Creating puzzle pieces
When I was at primary school, we used to make puzzles by making a picture on a piece of plywood. Then we would take a jigsaw and create the pieces that form the puzzle. Of course, I tried to make the puzzle as complicated as possible and give my family and friends a hard time in solving it. Nevertheless, in the end, everybody managed to solve the puzzle.
What helped were two things: they knew how the picture on the puzzle should look like and they knew that it was feasible, so they didn’t give up. I am now of an age that I have kids myself who are attending primary school. But I still have a puzzle of my own called the company Olisto.
A startup is one big puzzle itself. You need to develop the right product, find the right market, create the right team and all this happens at the same time. This puzzle is not always an easy thing to solve. We make products and services work together via our cloud-based rule engine, so I find myself involved in conversations with a broad range of companies: utilities, retailers, banks, device manufacturers, telcos and many more.
Sometimes we immediately see how we can work together. There are moments when there is a lot of enthusiasm from both sides and a personal click, but we just can’t find a way how to take it to the next step. The meetings stop and all effort seems to have been no more than a “learning experience”. I deliberately wrote seems. Because the output of these discontinued conversations often proofs to be very valuable in the long run. Let me give you an example.
Smart smoke detector
We were in contact with the people behind the successful payment app Tikkie but we couldn’t find an appealing use case. At CES 2018 we came in contact with the largest Dutch telco KPN and we tried for months to find a mutually beneficial way to work together but found ourselves not doing so yet. On top of that we had ongoing conversations with the online retailer of smart products 50Five, who investigated a partnership with us to sell relevant use cases instead of mere product features.
It seemed like we were right on our way to having another three learning experiences…
Until KPN suggested to combine their SMS service with the Tikkie payment services. Together with our Olisto platform, we could send out payment requests initiated by the smart devices we already connect to our platform. When 50Five asked us to come up with relevant use cases within the security domain, it immediately made us think of the use case my partner Arjen was advocating for years: the smart smoke detector which automatically orders its replacement batteries.

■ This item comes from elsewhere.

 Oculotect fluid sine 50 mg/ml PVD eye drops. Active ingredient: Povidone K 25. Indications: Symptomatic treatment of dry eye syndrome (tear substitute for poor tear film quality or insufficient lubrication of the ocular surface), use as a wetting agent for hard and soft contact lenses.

Suddenly the previous conversations and activities with these different companies made a lot of sense. We had already created an integration with the KPN SMS platform, we had already examined the integration with Tikkie and we already connected the Nest Protect smoke detector to our Olisto platform. Now, we had a customer asking us to combine all of this. Without any development effort needed at the side from our partners we were able to quickly realize this new innovative use case.

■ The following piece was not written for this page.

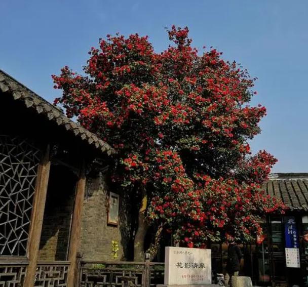 说到爱情故事,如果这棵槐树代表着一种春心萌动的美好,那么溱潼古镇的山茶树则有着一种爱而不得的凄美。

When I am involved in talks and activities with various companies, and I have no clue where we will end up, I still see this as something positive. As long as both sides feel that there must be some way to enhance each other, we will do so in the end. What we actually do during these exercises is to create new puzzle pieces. The difference with the jigsaw puzzle of my primary school is that nobody knows how the end picture will look like. And nobody knows whether it is feasible. But as we create more and more puzzle pieces with more and more companies, the chance that some of them will fit together to create a splendid new picture is inevitable.